李翛然 (2023-08-28 23:16):
#paper doi:10.1101/2023.07.27.550799v3.full.pdf Context-Dependent Design of Induced-fit Enzymes using Deep Learning Generates Well Expressed, Thermally Stable and Active Enzymes 这篇文章提出了一种新的酶设计方法: 提出了一种新的酶设计策略CoSaNN,利用深度学习结构预测模型AlphaFold来生成新酶的构象。
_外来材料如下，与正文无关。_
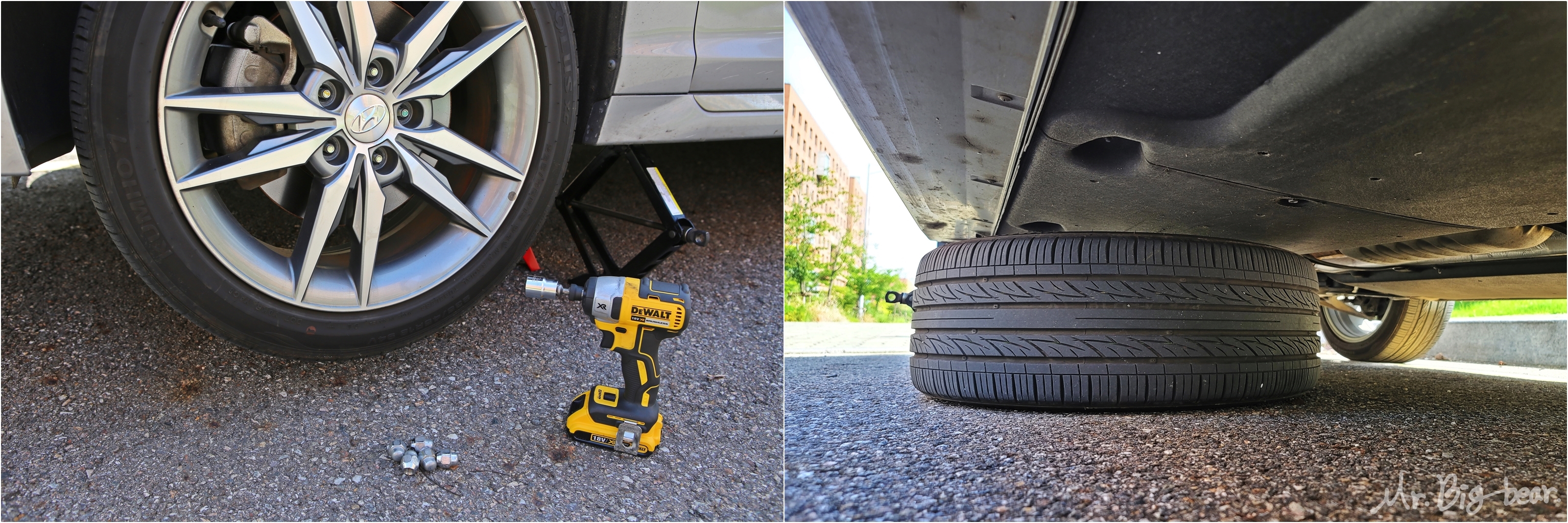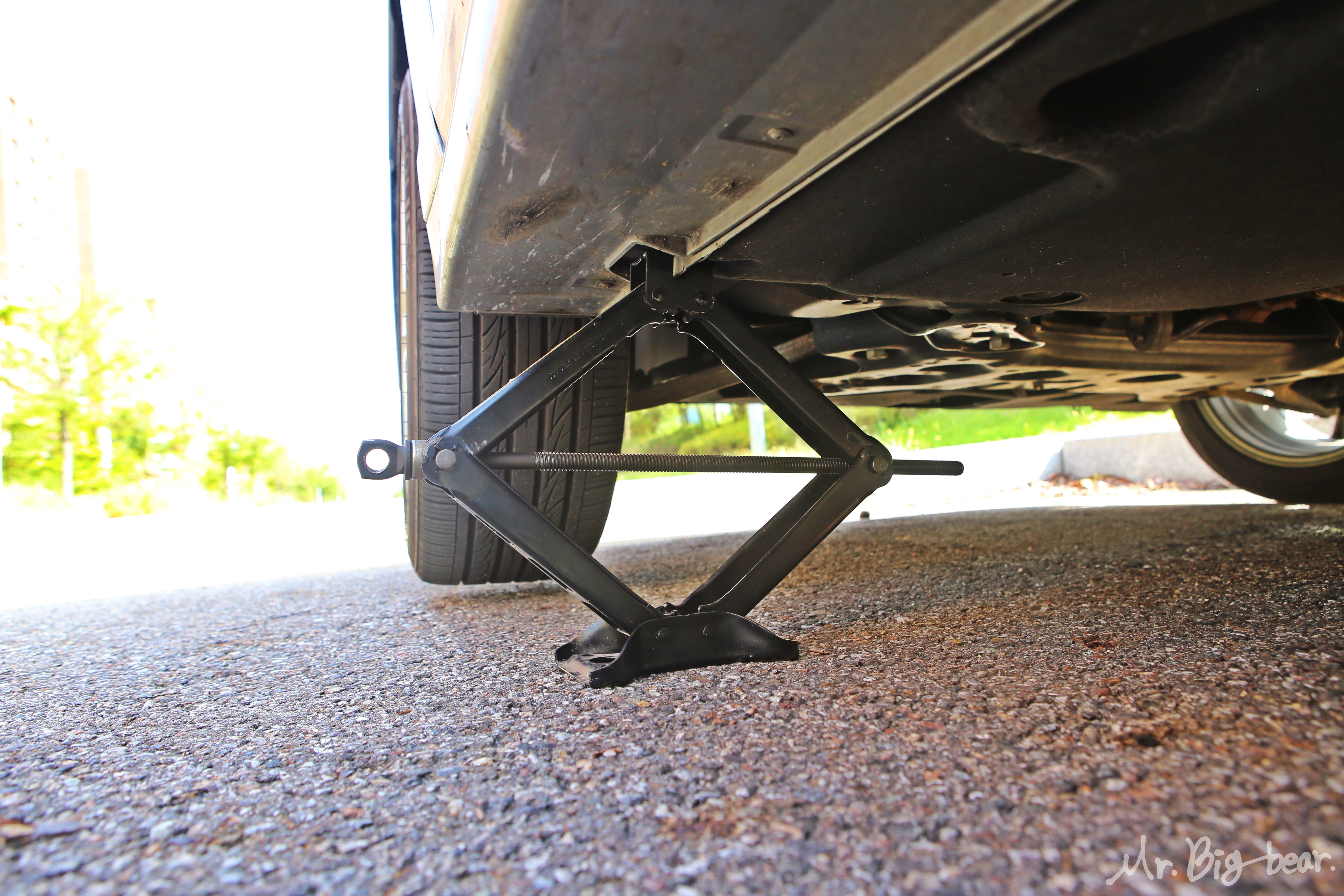 수공구로 휠너트 살짝 풀기. 바퀴를 지면에서 띄우고 휠너트를 풀려고 하면, 그 방향으로 바퀴가 같이 돌아가면서 전혀 풀리지 않습니다. 길이 조절 라쳇이나 긴 복스대를 이용해서 휠너트를 살짝만 풀어주면 차량을 들어올릴 모든 준비가 끝납니다.
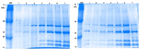 - Laemmli, U.K. Cleavage of structural proteins during the assembly of the head of bacteriophage T4. Nature 1970, 227, 680–685. [Google Scholar] [CrossRef] [PubMed]

这种方法考虑了氨基酸序列段落在不同构象环境下的折叠方式,可以更准确地预测嵌合序列的构象。 在序列优化设计阶段,该方法没有仅仅依赖RosettaDesign,而是同时采用了基于图神经网络的ProteinMPNN模型。 ProteinMPNN可以学习序列与构象之间的高阶非线性关系,生成更可折叠的序列。 额外训练了一个预测可溶性表达的图神经网络分类器SolvIT,作为酶设计流程中的另一层优化,提高高表达酶的生成概率。 在ROK糖激酶家族中,利用该方法成功设计了活性高、热稳定性强、高表达的新酶。一些设计的酶表现出比模板酶更好的催化特性。 该方法证明了深度学习模型可以捕捉复杂蛋白质的构象变化和序列关系,在保持催化活性和调节机制的同时实现大范围改造酶的结构。这为定向生物技术应用开辟了新的途径。 但是: 这个文章并没有提到,在activate site 不明确的情况下该如何设计酶,也就是说还是需要生物上探明了 activate site 再进行新的酶定向进化。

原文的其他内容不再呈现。